Когда они ушли, Юджин попробовал представить себе их в сладком покое, к которому они так часто взывали. Результат, подумал он, мог бы оказаться хуже, чем результат любой войны.

В темноте все вокруг и внутри него отвратительно поплыло. Но вскоре он провалился в пропасть тяжелого сна.

Все подчеркнуто простили его. Они с навязчивой тщательностью обходили его проступок, приятно исполненные рождественского милосердия. Бен хмурился на него совершенно естественным образом, Хелен усмехалась и тыкала его в ребра, Элиза и Люк растворялись в нежности, печали и молчании. От их всепрощения у него гудело и ушах.

Утром отец пригласил его прогуляться. Гант был смущен и растерян: на него легла обязанность деликатного увещевания – на этом настояли Хелен и Элиза. Хотя в свое время Гант, как никто, умел метать громы и молнии, трудно было найти человека менее пригодного для того, чтобы рассыпать цветы прощения и благости. Его гнев бывал внезапным, его тирады рождались сами собой, но на этот раз в его колчане не было ни одной громовой стрелы и его задача не доставляла ему никакой радости. Он чувствовал себя виноватым, он испытывал такое же чувство, с каким судья мог бы приговорить к штрафу своего вчерашнего собутыльника. А кроме того: вдруг сын унаследовал его вакхические склонности?

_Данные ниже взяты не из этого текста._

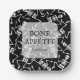 Skeletons on a black background and BONE APPÉTIT in chic lettering, these square paper plates (in 2 sizes) are fun for your Halloween party or Halloween birthday party. MATCHING items in our collection.

Они молча прошли через площадь мимо фонтана в кольце льда. Гант несколько раз нервно откашлялся.

– Сын, – сказал он наконец. – Надеюсь, вчерашний вечер послужит тебе предостережением. Будет ужасно, если ты пристрастишься к виски. Я не собираюсь бранить тебя, я надеюсь, что это будет тебе уроком. Лучше умереть, чем стать пьяницей.

Ну вот! Слава богу, это позади.

– Конечно! – сказал Юджин. Он испытывал благодарность и облегчение. Как все они были добры к нему! Ему хотелось давать страстные клятвы и торжественные зароки. Он попытался что-то сказать. И не сумел. Сказать надо было слишком много.